* _Exercise data_

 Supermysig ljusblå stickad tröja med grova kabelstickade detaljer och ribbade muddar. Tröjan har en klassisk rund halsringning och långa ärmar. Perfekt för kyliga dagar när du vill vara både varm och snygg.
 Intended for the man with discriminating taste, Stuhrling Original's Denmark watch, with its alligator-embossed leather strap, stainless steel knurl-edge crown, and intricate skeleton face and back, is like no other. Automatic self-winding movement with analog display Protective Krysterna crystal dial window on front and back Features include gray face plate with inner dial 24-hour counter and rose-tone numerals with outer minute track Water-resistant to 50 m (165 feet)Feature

* * *

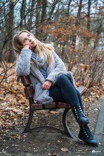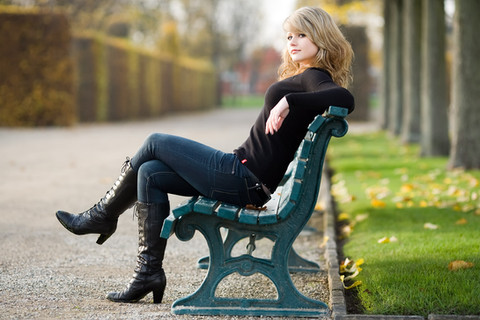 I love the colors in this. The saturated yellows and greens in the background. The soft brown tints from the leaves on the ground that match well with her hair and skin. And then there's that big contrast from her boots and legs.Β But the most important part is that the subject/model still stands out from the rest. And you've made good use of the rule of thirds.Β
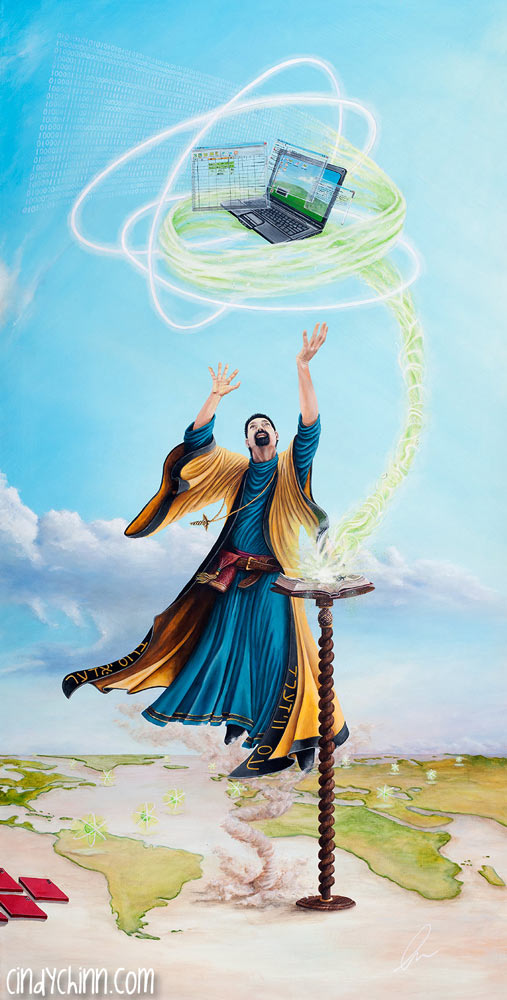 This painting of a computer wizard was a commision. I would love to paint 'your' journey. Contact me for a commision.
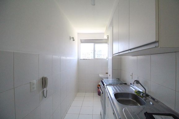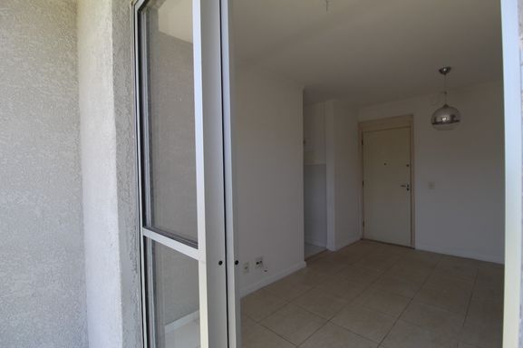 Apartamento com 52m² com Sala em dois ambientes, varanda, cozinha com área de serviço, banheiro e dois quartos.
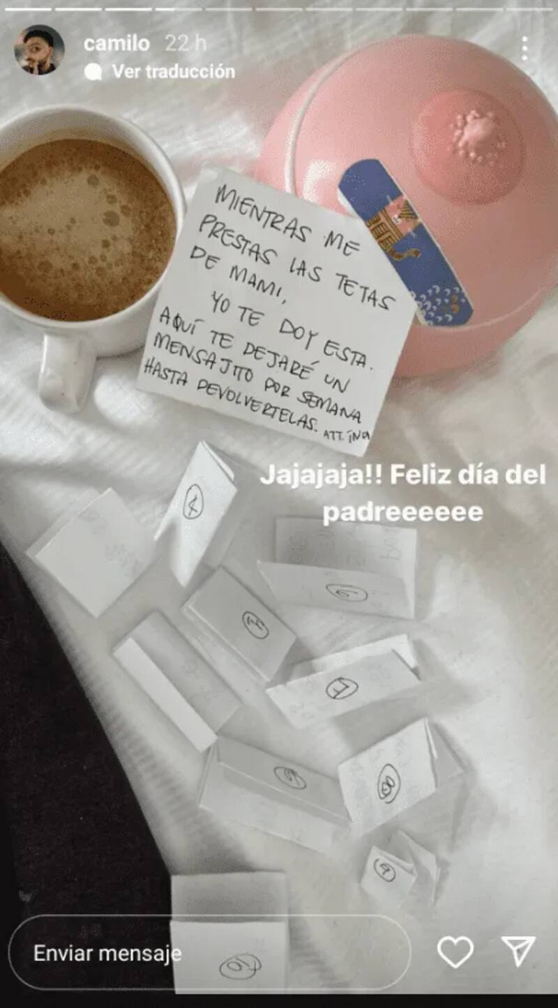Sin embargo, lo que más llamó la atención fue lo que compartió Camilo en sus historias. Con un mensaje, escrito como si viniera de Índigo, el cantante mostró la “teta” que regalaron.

* _Required action_
Reproduce word for word, with pictures dropped, only the part of the material above that opens with the line containing "This painting of" and closes with the line containing "Apartamento com 52m²".

* _Solution_
 This painting of a computer wizard was a commision. I would love to paint 'your' journey. Contact me for a commision.
 Apartamento com 52m² com Sala em dois ambientes, varanda, cozinha com área de serviço, banheiro e dois quartos.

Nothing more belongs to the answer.